About Synchronisation of Clocks in Free Fall Around a Central Body

TL;DR

This paper examines how clock synchronization methods behave in free-fall conditions around a central body, highlighting that only absolute simultaneity synchronization remains consistent for circular orbits in Schwarzschild spacetime.

Contribution

It demonstrates that in accelerated systems, only absolute simultaneity synchronization aligns with natural clock behavior, especially in circular orbits within Schwarzschild metrics.

Findings

Synchronization in inertial frames is experimentally equivalent to special relativity.

Absolute simultaneity synchronization is necessary for consistent time definition in circular orbits.

Any synchronization can be used locally in a freely falling frame.

Abstract

The conventional nature of synchronisation is discussed in inertial frames, where it is found that theories using different synchronisations are experimentally equivalent to special relativity. In contrary, in accelerated systems only a theory maintaining an absolute simultaneity is consistent with the natural behaviour of clocks. The principle of equivalence is discussed, and it is found that any synchronisation can be used locally in a freely falling frame.
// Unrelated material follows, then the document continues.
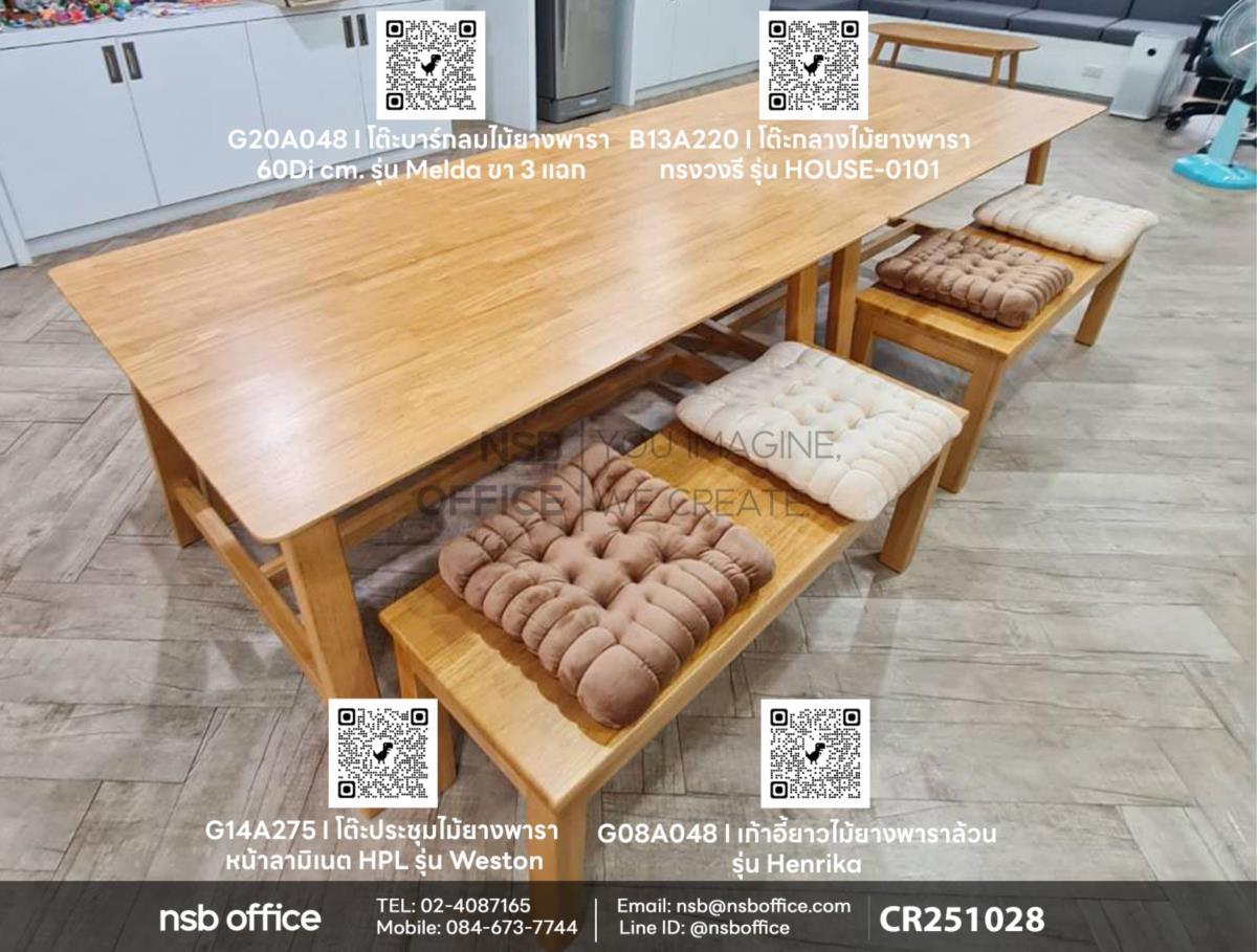 หน้างานนี้ลูกค้าได้เลือกซื้อโต๊ะประชุมไม้ยางพารา หน้าลามิเนต HPL รุ่น Weston (เวสตัน) รหัสสินค้า G14A275 เสริมการใช้งานด้วยเก้าอี้ยาวไม้ยางพาราล้วน รุ่น Henrika (เฮนริก้า) รหัสสินค้า G08A048 สร้างบรรยากาศการทำงานที่มีประสิทธิภาพและความสะดวกสบายและความสวยงามในสำนักงานของคุณ โต๊ะประชุมนี้ไม่เพียงแต่มีความทนทาน แต่ยังให้ความรู้สึกอบอุ่นและเป็นธรรมชาติ เหมาะสำหรับการประชุมที่ต้องการการสื่อสารที่มีประสิทธิภาพค่ะ

Whatever the choosen synchronisation, the first derivatives of the metric tensor disapear and a geodesic is locally a straight line. But it is shown that only a synchronisation maintaining an absolute simultaneity allows to define time consistently on circular orbits of a Schwarzschild metric. Key words: special and general relativity, synchronisation, one-way velocity of light, ether, principle of equivalence.